Input data:
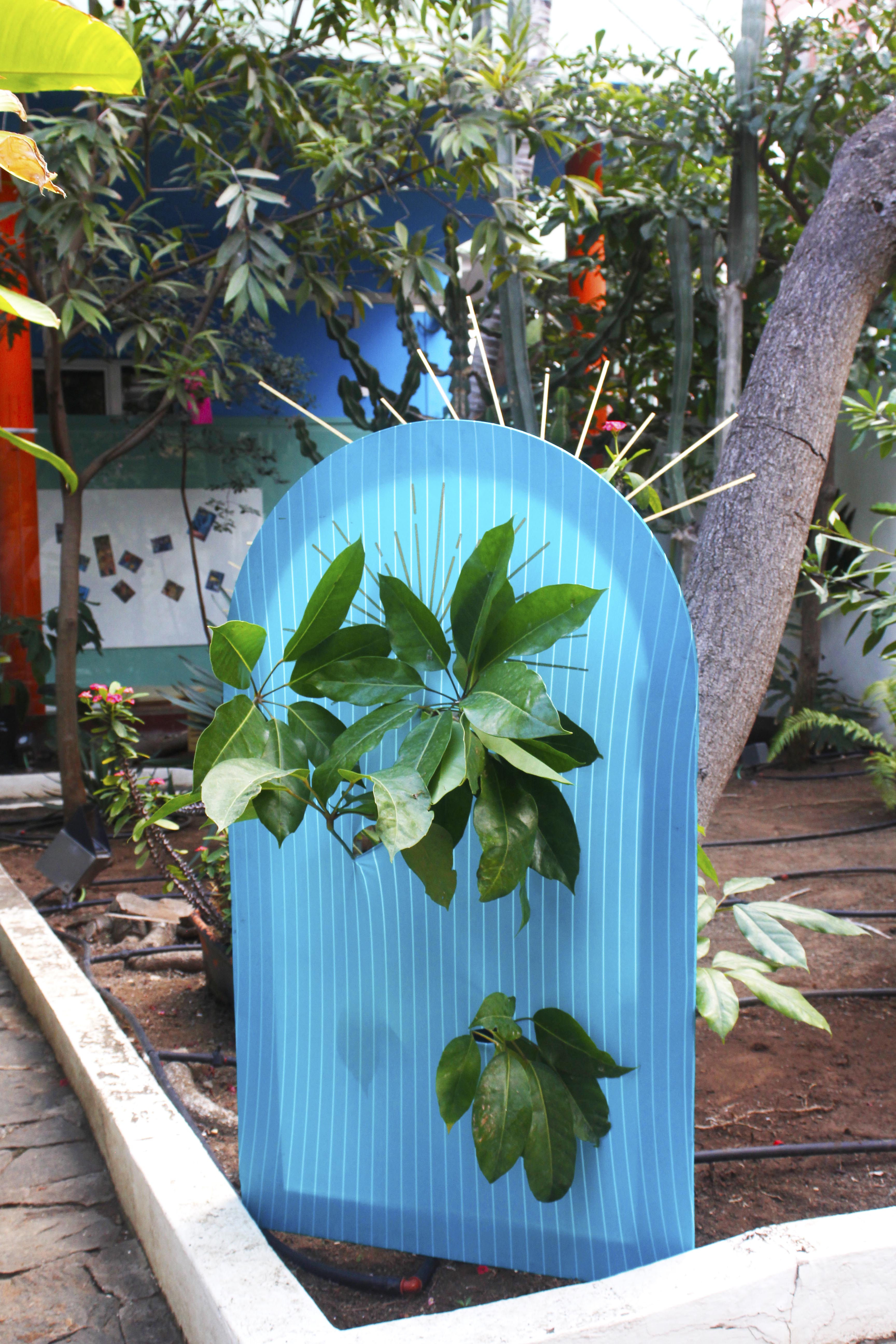La instalación «Divinas Plantas» parte de una pregunta tan simple como radical: ¿Qué ocurre cuando colocamos una planta en un altar divino? Q¿ que ocurre cuando aplicamos este mismo lenguaje de veneración, no a un ídolo de yeso o madera, sino al organismo vivo que hace posible la existencia humana?
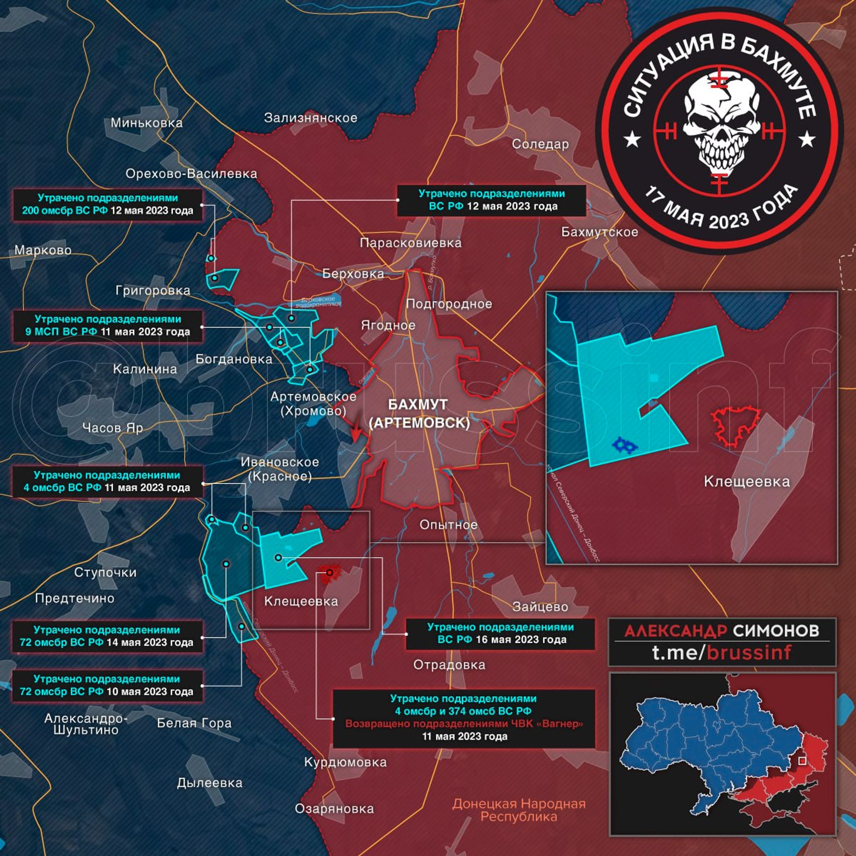 О главных событиях войны 16 мая — в предыдущей сводке: «ЧВК Вагнера наступает в Бахмуте, над Украиной сбили шесть “Кинжалов”, Минобороны РФ “поразило” ЗРК Patriot. Что происходит на линии фронта».
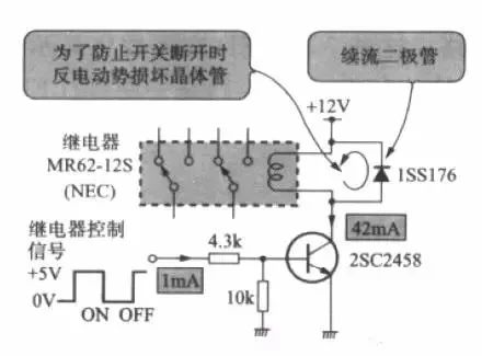 并联续流二极管后,而与二极管与继电器形成闭合回路,可以放掉继电器线圈产生的高达140V的反向电压,从而保证集电极电位不高于电源电压的0.6V,而防止晶体管被击穿。
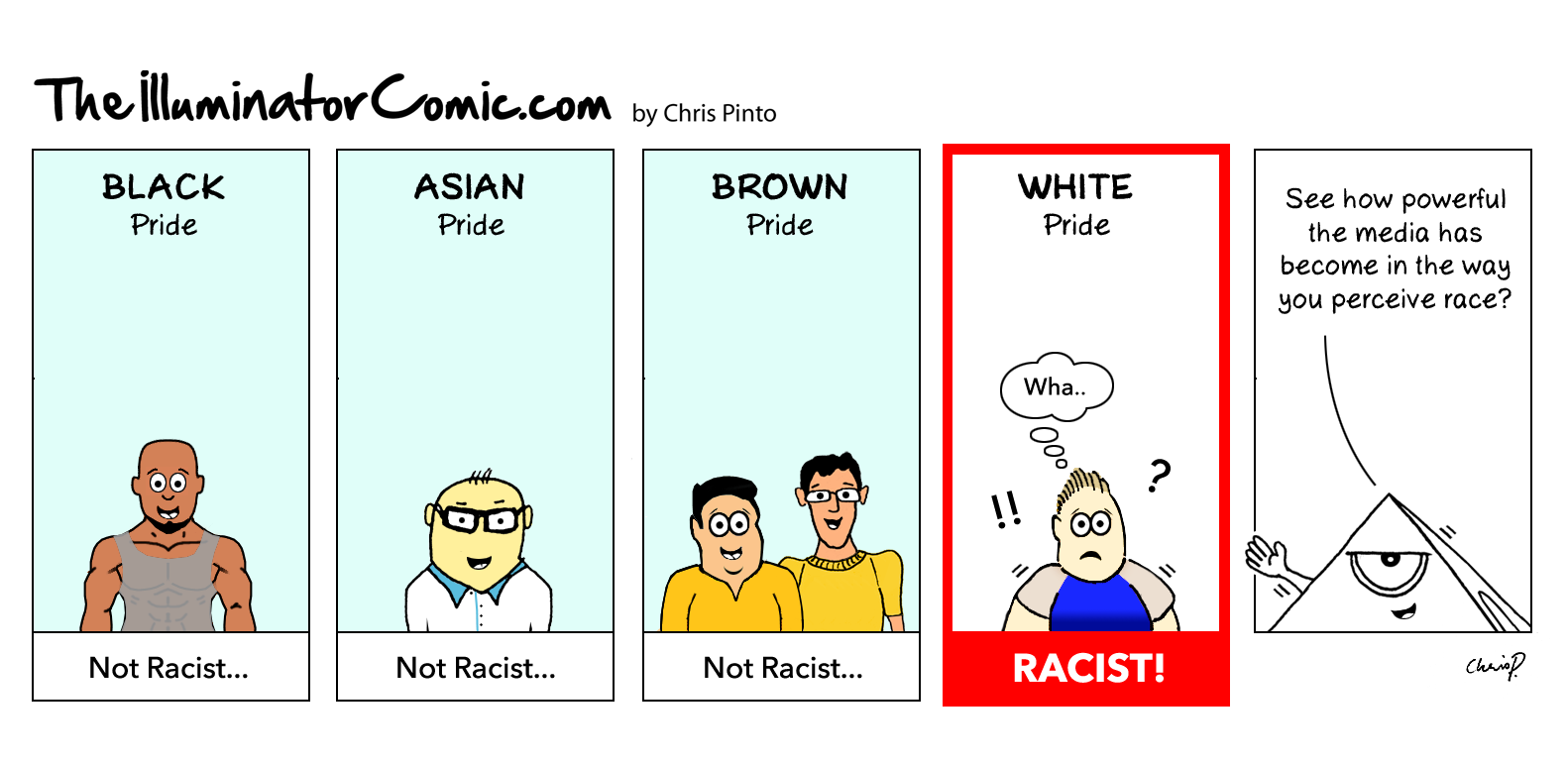 Illuminati, The Illuminator Comic, Triangle-head, Conspiracy theory, New World Order, NWO, Believer bob, Ajeet,Jose, Tyrone, Racist, Racism, Black, Bown, Asian, White, immigrant, Archiebald Gallo, Pride
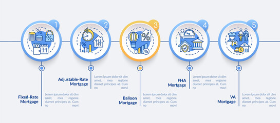 Loan types vector infographic template. Fixed-rate, balloon mortgage presentation design elements. Data visualization with 5 steps. Process timeline chart. Workflow layout with linear icons
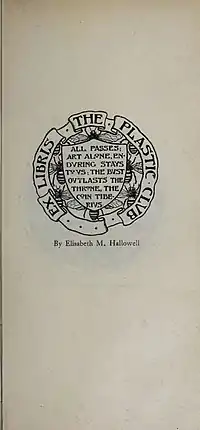 - ↑ Stone, Wilbur Macey (1902). Women designers of book-plates. Randolph R. Beam. pp. 36. LCCN 21001867.
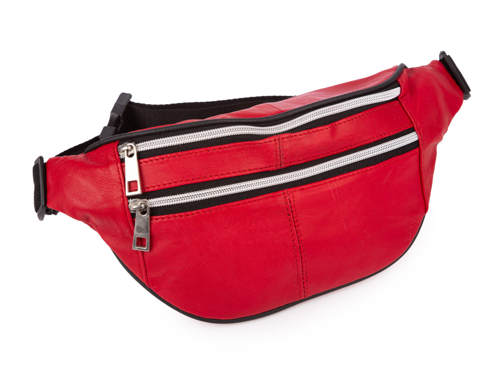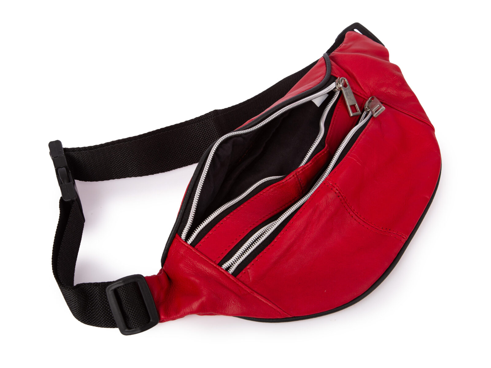 Skórzana saszetka biodrowa w kolorze czerwonym z miękkiej skóry naturalnej
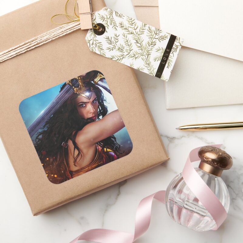 Wonder Woman Blocking With Sword Square Sticker
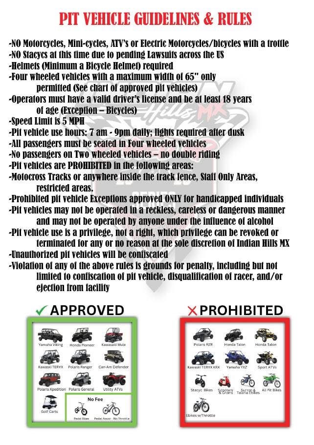 There will be NO two-wheel pit vehicles allowed. You MUST be 18 years of age or older to operate other 4 wheel pit vehicles. Upon entering the grounds,you must pay a $20 pit vehicle pass.
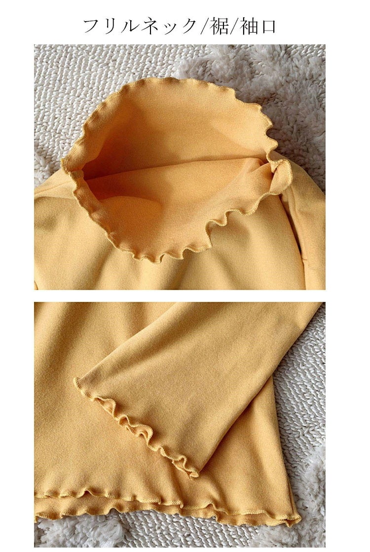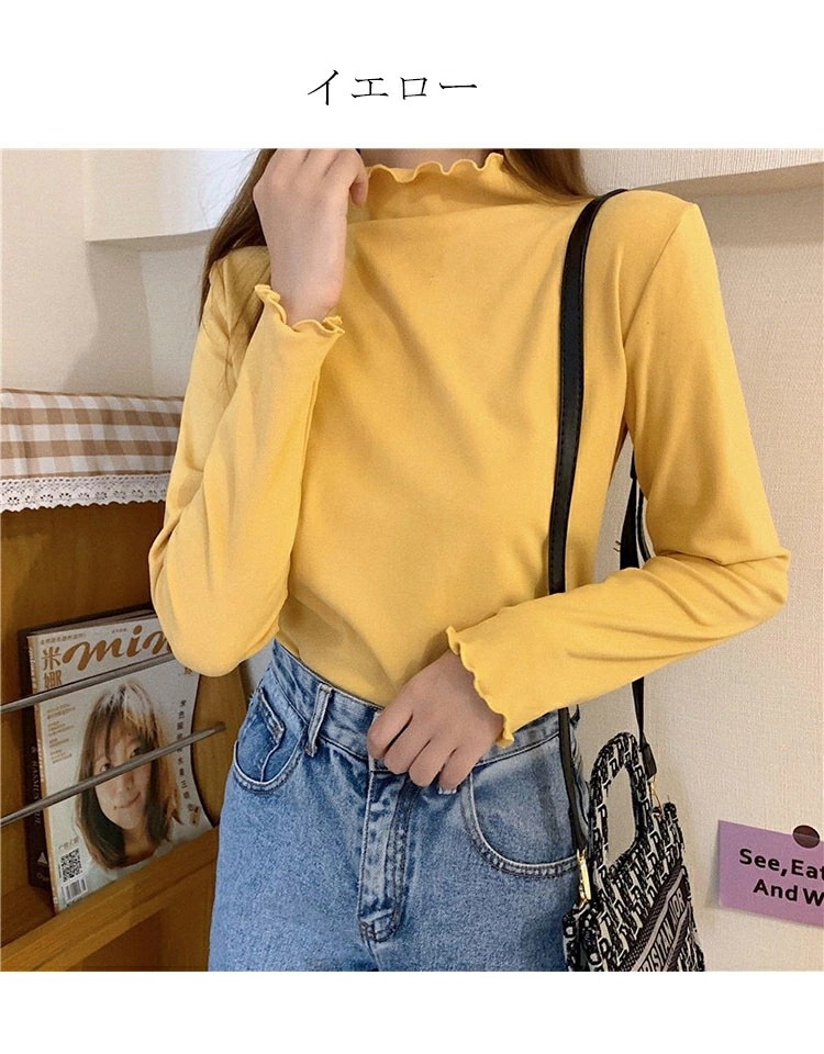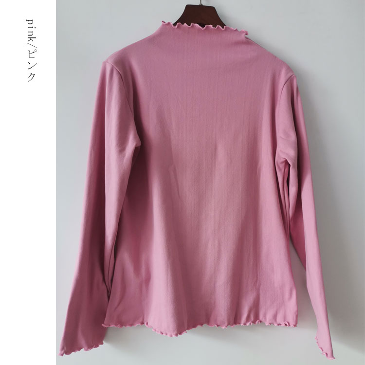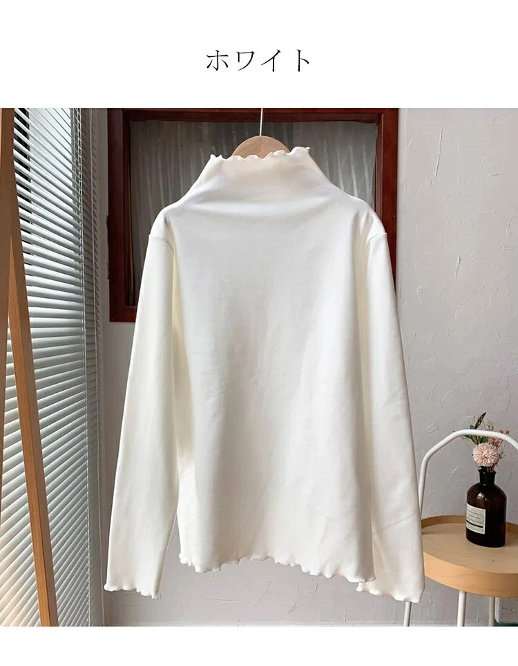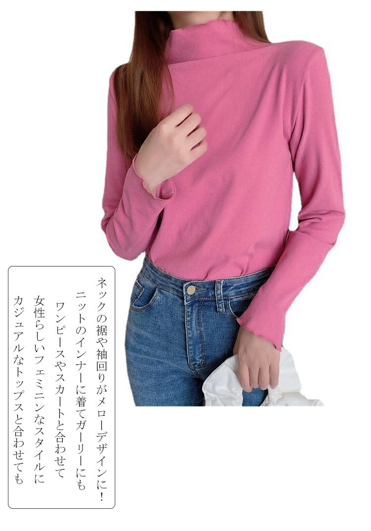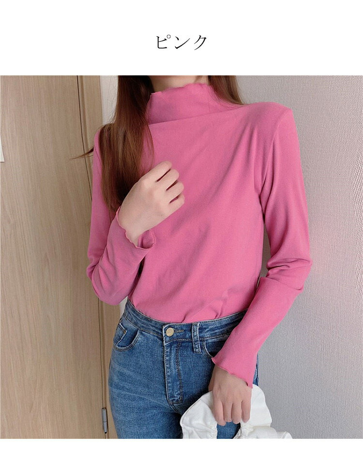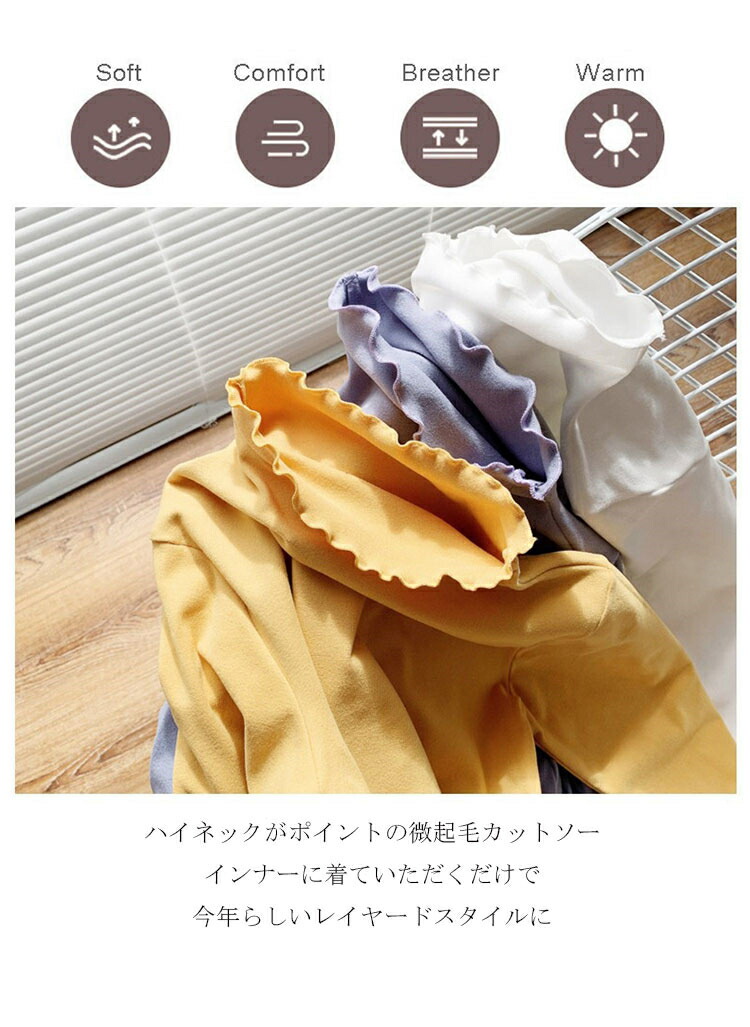 カットソー 秋冬 微起毛 プチハイネック レディース トップス フリル 長袖 ハイネック インナー 春 ストレッチ 伸びる 柔らか コーデ レイヤード きれいめ おしゃれ フリルネック
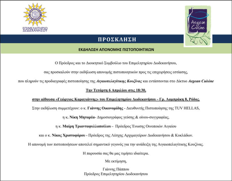Απονομή πιστοποιητικών στα μέλη του Δικτύου Aegean Cuisine
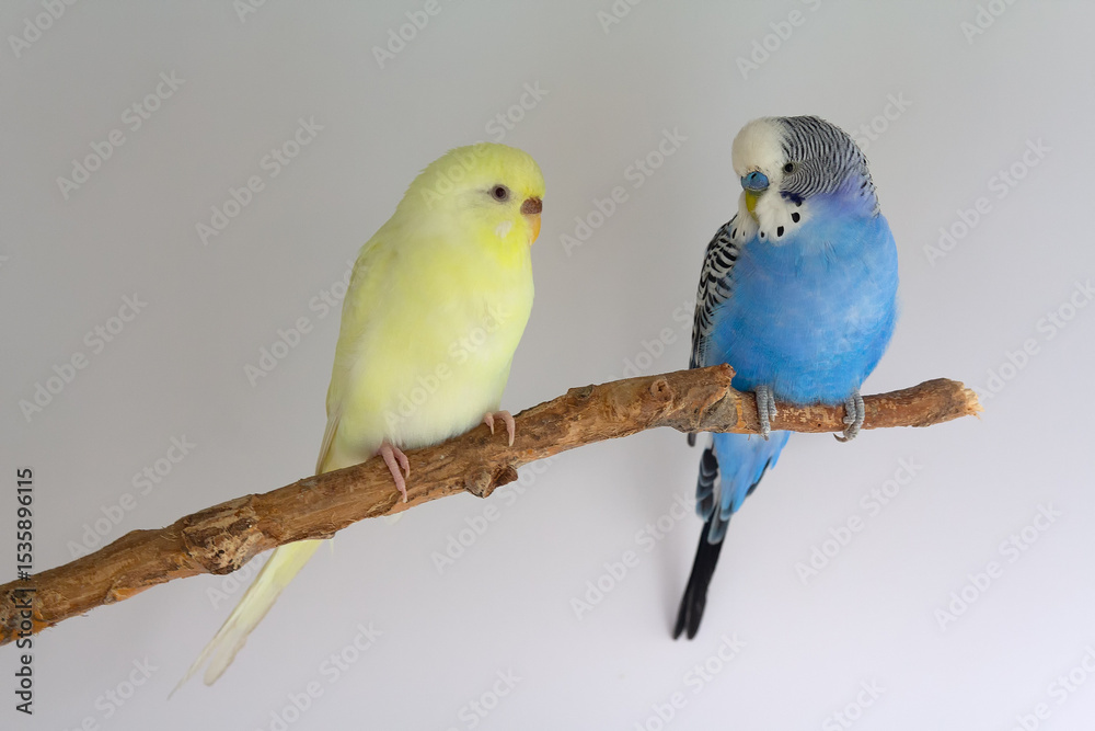 Two budgerigars sits on a branch
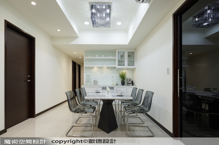 ▲餐廳區延續「明亮」、「驚艷」的主訴求,大理石餐桌搭配透明灰餐椅,上方規畫水晶吊燈,散溢低調奢華之美。

What the task asks: Excluding images, output exactly the lines from the one that holds "并联续流二极管后,而与二极管" through the final line of the material, both ends included.

Result of the task:
 并联续流二极管后,而与二极管与继电器形成闭合回路,可以放掉继电器线圈产生的高达140V的反向电压,从而保证集电极电位不高于电源电压的0.6V,而防止晶体管被击穿。
 Illuminati, The Illuminator Comic, Triangle-head, Conspiracy theory, New World Order, NWO, Believer bob, Ajeet,Jose, Tyrone, Racist, Racism, Black, Bown, Asian, White, immigrant, Archiebald Gallo, Pride
 Loan types vector infographic template. Fixed-rate, balloon mortgage presentation design elements. Data visualization with 5 steps. Process timeline chart. Workflow layout with linear icons
 - ↑ Stone, Wilbur Macey (1902). Women designers of book-plates. Randolph R. Beam. pp. 36. LCCN 21001867.
 Skórzana saszetka biodrowa w kolorze czerwonym z miękkiej skóry naturalnej
 Wonder Woman Blocking With Sword Square Sticker
 There will be NO two-wheel pit vehicles allowed. You MUST be 18 years of age or older to operate other 4 wheel pit vehicles. Upon entering the grounds,you must pay a $20 pit vehicle pass.
 カットソー 秋冬 微起毛 プチハイネック レディース トップス フリル 長袖 ハイネック インナー 春 ストレッチ 伸びる 柔らか コーデ レイヤード きれいめ おしゃれ フリルネック
Απονομή πιστοποιητικών στα μέλη του Δικτύου Aegean Cuisine
 Two budgerigars sits on a branch
 ▲餐廳區延續「明亮」、「驚艷」的主訴求,大理石餐桌搭配透明灰餐椅,上方規畫水晶吊燈,散溢低調奢華之美。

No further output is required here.